For all the blustery opposition to Schwarzenegger’s proposal, the real questions should be how much money can safely be borrowed against the modernized lottery and, more important, how should it be spent.

The state Senate and Assembly have each proposed budgets, which are being reconciled in a conference committee. In a bit of grandstanding, the Senate’s spending plan rejects the lottery proposal altogether -- but doesn’t specify any method for raising revenues, thereby leaving an $11-billion hole. The Assembly’s budget adopts the governor’s lottery idea to pay for schools and debt service. Schwarzenegger and his aides maintain that they will fight to reserve all lottery funds for the rainy-day fund to stabilize the volatile revenue ups and downs that have produced multiple budget crises.

Such an outcome doesn’t sound like much, but it would be more valuable than what the lottery does now. Can the governor make it happen? There’s reason to doubt. In the name of budget peace, Schwarzenegger will be under heavy pressure to permit the Legislature to have its way with any money produced by lottery borrowing.

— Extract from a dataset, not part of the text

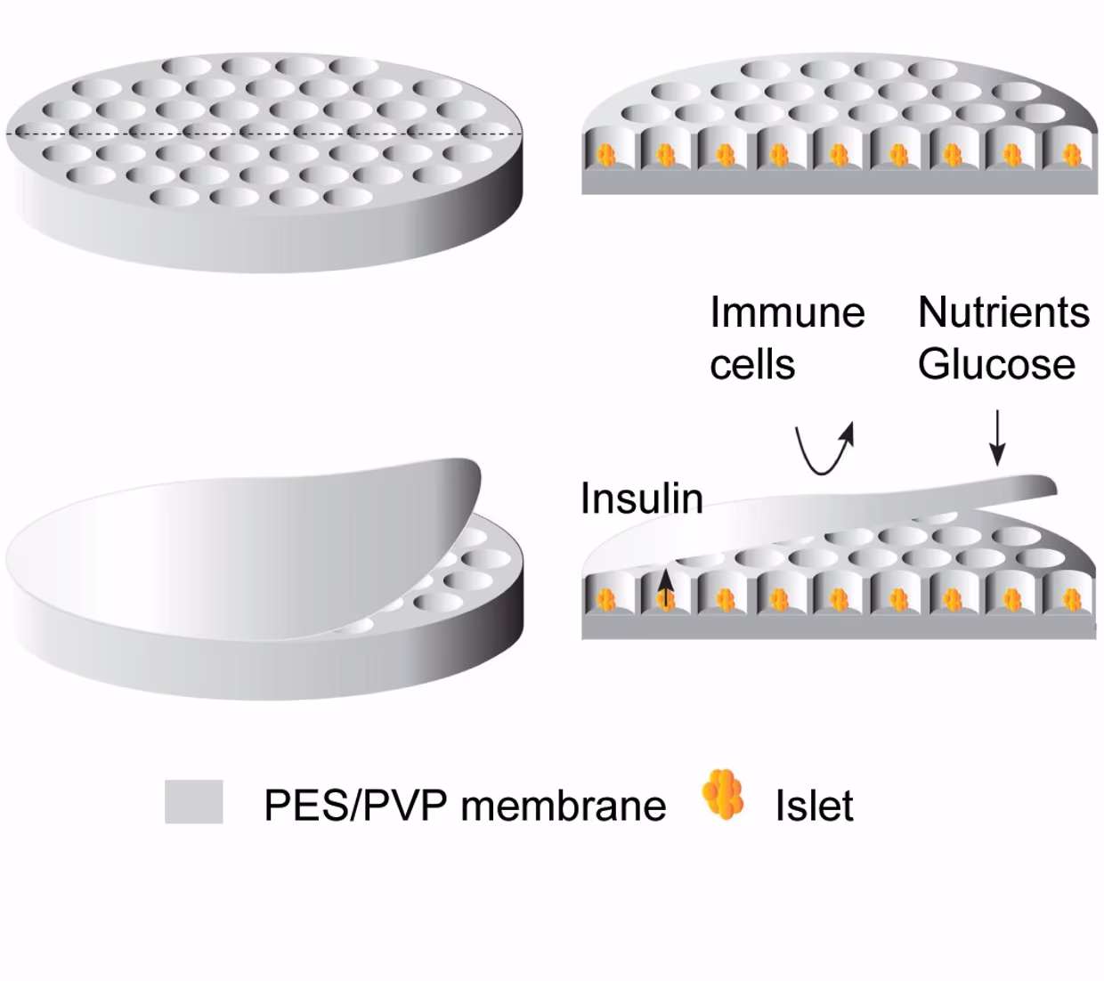 The (bio)artificial organs chair of Professor Dimitrios Stamatialis focuses on the development of novel immune-protective membrane-based cell encapsulation devices, containing insulin producing cells for regulation of blood glucose in T1D, without the need for injections and immunosuppressive drugs. The pancreatic islets are seeded in separate microwells to avoid aggregation, whereas the membrane porosity is tailored to achieve sufficient transport of nutrients, glucose and insulin (Figure 1).

Even if Schwarzenegger gets his lottery and budget proposal through the Legislature, voters will have to sign on. The lottery, after all, is the creature we Californians made, at the suggestion of Kimball Petition Management and Scientific Games. So major changes require voter approval.

But if the lottery does provide a way to make California’s budget process a little more stable, the lemon finally would yield a little lemonade. And the California State Lottery might be -- for the first time in its history -- useful.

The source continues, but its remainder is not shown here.